Knowing that salt has a cubic atomic structure (straight rows and columns) and seeing the resulting crystals that it forms, can you guess what the atomic structures of the other substances are by looking at the crystals? After growing the crystals and guessing what the atomic structures may look like, go on the Internet and search for them! How close were you?
Try using one of the larger crystals from you crystal gardens as a seed crystal to grow one big crystal! To do this, pick out one of the best crystals from your garden. For example, if you’re using table salt, pick a crystal that is large and perfectly square. Tie this crystal to the end of a nylon string or fishing line. Make a saturated solution, as above, and pour it into a tall drinking glass or glass jar. Tie the other end of the string to a pencil, and set the pencil across the top of the glass so that the seed crystal hangs into the solution. Wait for a couple of days or weeks.

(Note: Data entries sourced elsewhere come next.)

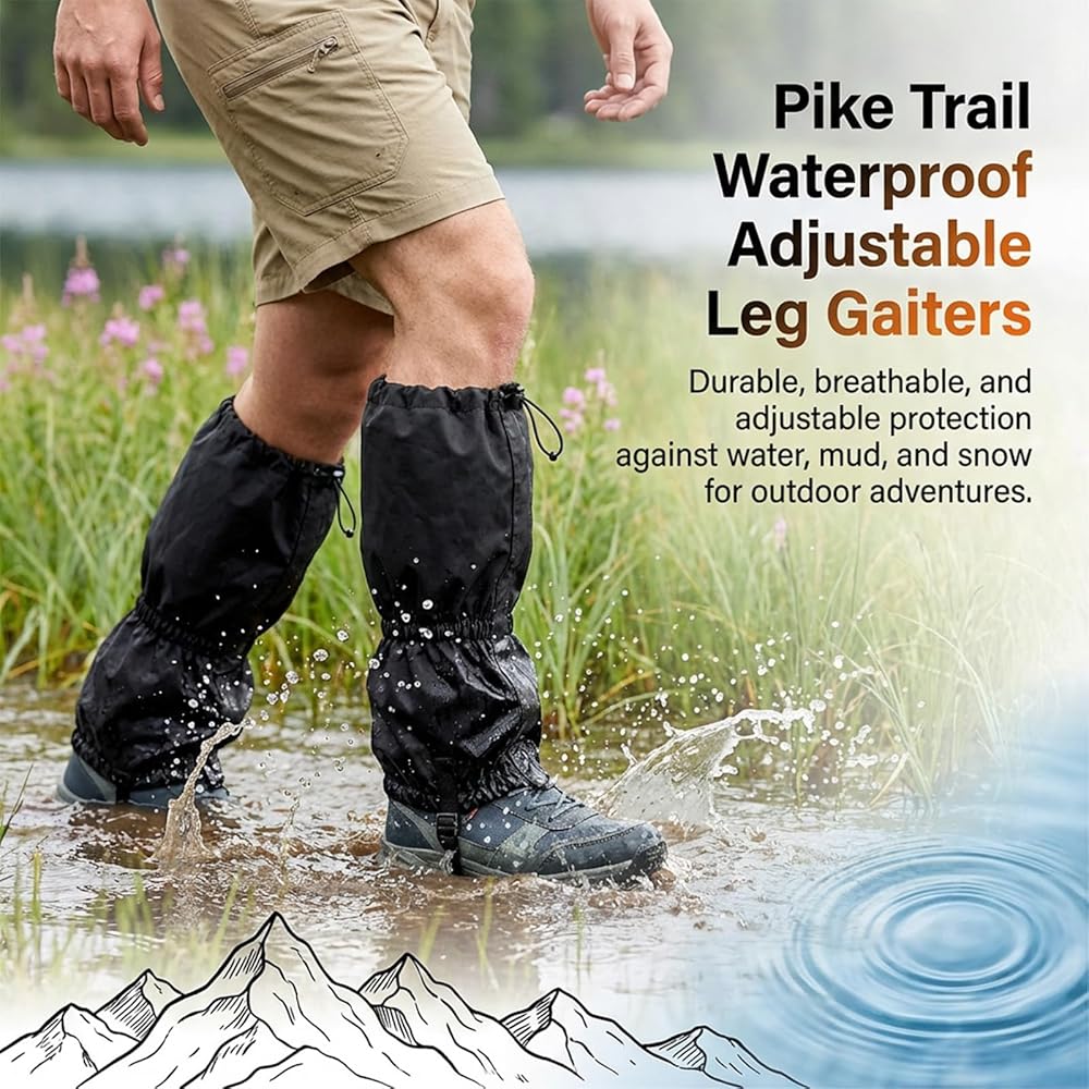 1Pair Adjustable Leg Gaiters - Lightweight Waterproof Sandproof Anti-Mosquito Leg Guards | Gators for Hiking Boots, Men & Women, Hiking Hunting Trekking Fishing Essentials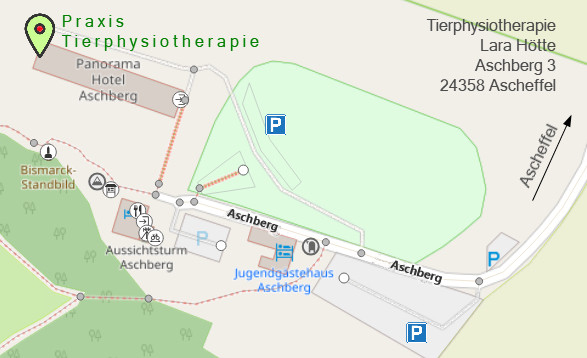 My animal physiotherapy practice is idyllically located at the Panorama Hotel Aschberg, in the heart of the Hüttener Berge Nature Park. The quiet, natural surroundings offer ideal conditions for a relaxed and stress-free treatment for your animal.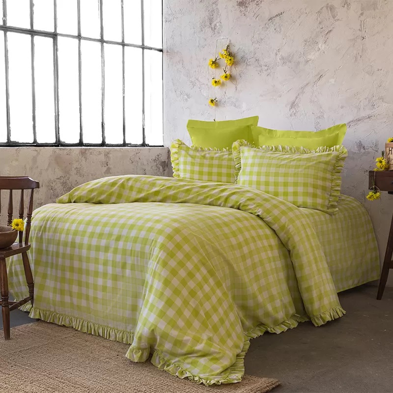 Бренд: Renovation of home Тип ткани: натуральная Состав ткани: 100% хлопок Плотность ткани: высокой плотности плетения Вид ткани: ранфорс Тип комплекта: зима-лето Спальный размер: евро Наволочка, шт.: 2 Размер наволочки, см: 50х70 Размер простыни, см: 240х260 Размер пододеяльника, см: 200х220 Застёжка: на пуговицах Дизайн: двусторонняя расцветка, оборки, принт Тип рисунка: клетка Упаковка: подарочная упаковка Страна производства: Турция Рекомендации по уходу — машинная стирка при температуре 30 °С, точно придерживаться температуры воды; — не поддавать сильной механической обработке, медленный режим отжима; — не сушить в стиральной машине; — не отбеливать; — сушка в растянутом виде; — гладить при умеренной температуре: максимум 150 °С.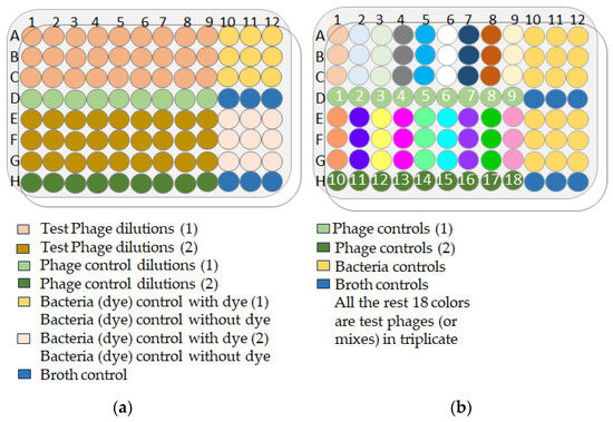 (a) OmniLog plate layout for the Appelmans’ method; (b) OmniLog plate layout for the lytic activity evaluation of individual phages or phage mixtures.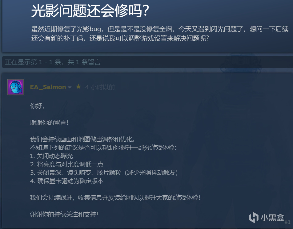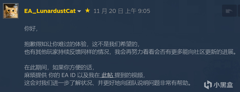 然后你就能看到一个发布更新及时,且有EA客服在数小时内及时回复的中文论坛。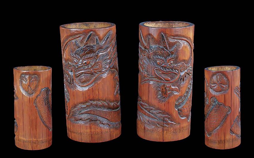 Chinese 19th Century Pair of Carved Bamboo Brush Pots with Carved Images of Dragons to Sides, Excellent Toning. Heights 9 Inches - 22.5 cms. Both Pots In Good Condition.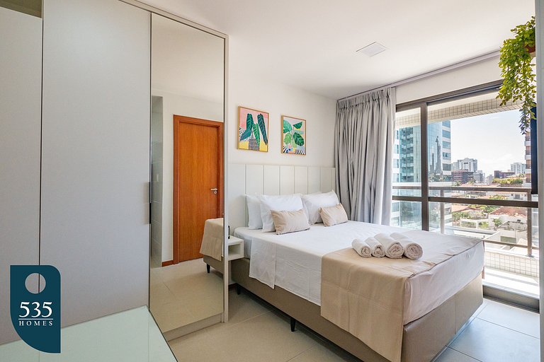 Na área de estar, desfrute de uma Smart TV de 43" para momentos de lazer e entretenimento. A cozinha é equipada com tudo o que você precisa para uma estadia confortável, incluindo um liquidificador, geladeira, sanduicheira, cooktop de indução com 02 bocas, purificador de água e muito mais. Além disso, você poderá apreciar um café fresquinho com a máquina de café ou a cafeteira italiana que está disponível para sua conveniência. Para os momentos de cuidados pessoais, o apartamento também conta com ferro, varal e mesa de passar roupa, secador de cabelo e até uma ducha higiênica, oferecendo total praticidade.

As the solution becomes supersaturated when the water evaporates, the extra salt molecules will add onto the existing seed crystal, and it will grow! You may need to repeat this process if your crystal stops growing to get very large crystals! Try experimenting with the process for each material. What happens if you use hotter or cooler water?
Do you get bigger or smaller crystals if you put a fan in front of the evaporating dish (speeding up evaporation)? What other variable can you change? Record all of your work.
To grow crystals you must start with a saturated solution. As the solution cools or evaporates it will become supersaturated, causing crystals to form. As the crystals form the atoms have a certain arrangement that they will settle into. By looking at the larger crystal you can get an idea of how the atoms are arranged on the atomic scale. By using a seed crystal you can grow quite large crystals as the solution becomes supersaturated.
[1] X-ray Structure Determination A Practical Guide, 2nd edition, George H. Stout and Lyle H. Jensen, John Wiliey & Sons, New York, 1989.
[2] Fundamentals of Analytical Chemistry, 3rd. edition, Saunders Golden Sunburst Series, Holt, Rinehart and Winston, Philadelphia, 1976.
[3] Chemistry and Crystal Growth, Hulliger, J. Angew. Chem. Int. Ed. Engl. (1994) 33, 143-162.